Does std::array<> guarantee allocation on the s

2019-04-17 22:07发布

问题:

Is std::array<int,10> (without myself using new) guaranteed to be allocated in the stack rather then the heap by the C++-Standard?

To be clear, I do not mean new std::array<int, 10>. I mainly wonder, if the standard library is allowed to use new inside its implementation.

回答1:

I could not find more explicit answer in the standard, but [array.overview]/2:

An array is an aggregate ([dcl.init.aggr]) that can be list-initialized with up to N elements whose types are convertible to T.

And [dcl.init.aggr]/1:

An aggregate is an array or a class (Clause [class]) with

  • no user-provided, explicit, or inherited constructors ([class.ctor]),

...

That about covers it. No way an aggregate could allocate memory dynamically (or perhaps, do anything at all at its own during the construction). There's only an implicitly-declared trivial constructor.

Of course, if you new std::array<...>, you get an array on "the heap".


Some may be more satisfied by what we can get on cppreference:

std::array is a container that encapsulates fixed size arrays.

This container is an aggregate type with the same semantics as a struct holding a C-style array T[N] as its only non-static data member.


Thirdly, std::array was introduced in C++11. Why? For example, to complement std::vector in some ways, like usage in constexpr functions, where dynamic allocation is not allowed.



回答2:

TL;DR: yes, it is on the stack.


The longer story:

C++ has no concept of stack or heap. Those are implementation details, and there is at least one platform that does not use a traditional stack (but rather linked list of heap allocations for it).

It has automatic storage and the free store. new accesses the free store, and variables "on the stack" go into automatic storage.
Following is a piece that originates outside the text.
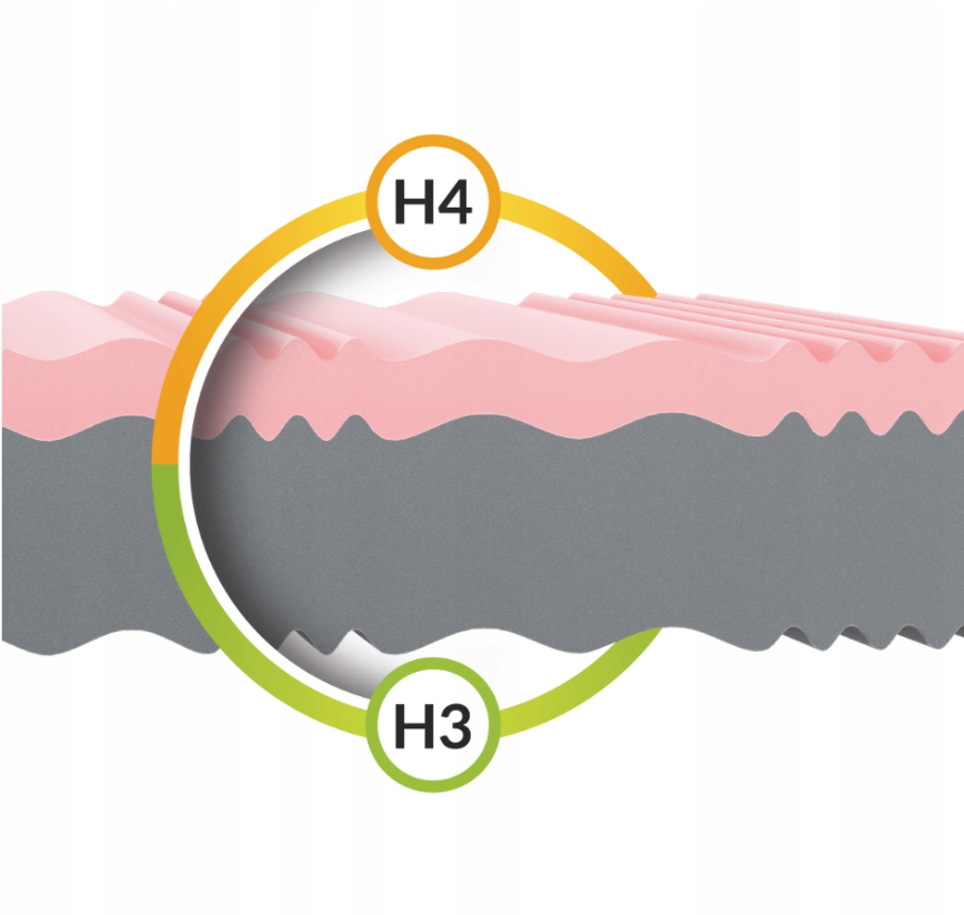 Dėl dvipusės konstrukcijos galima pasirinkti tinkamiausią kietumo lygį – H3 (vidutinio kietumo) arba H4 (kietą).

In practice, in order to allocate things on the free store, you have to risk an out of memory exception. So the general rule is things that guarantee they do not throw must be using automatic storage. array makes this guarantee (except whatever is in it can throw, natually). It is also an aggregate of plain old data, effectively forced to look like:

template<class T,std::size_t N>
struct array {
  T __no_fixed_name__[N];
  // non-constructor/destructor methods omitted as they are noise at this point
};

In theory it could be implemented by the compiler via magic that is not actual C++, but there is no need for that, so nobody bothers.

So in conclusion: yes, std::array is on the stack.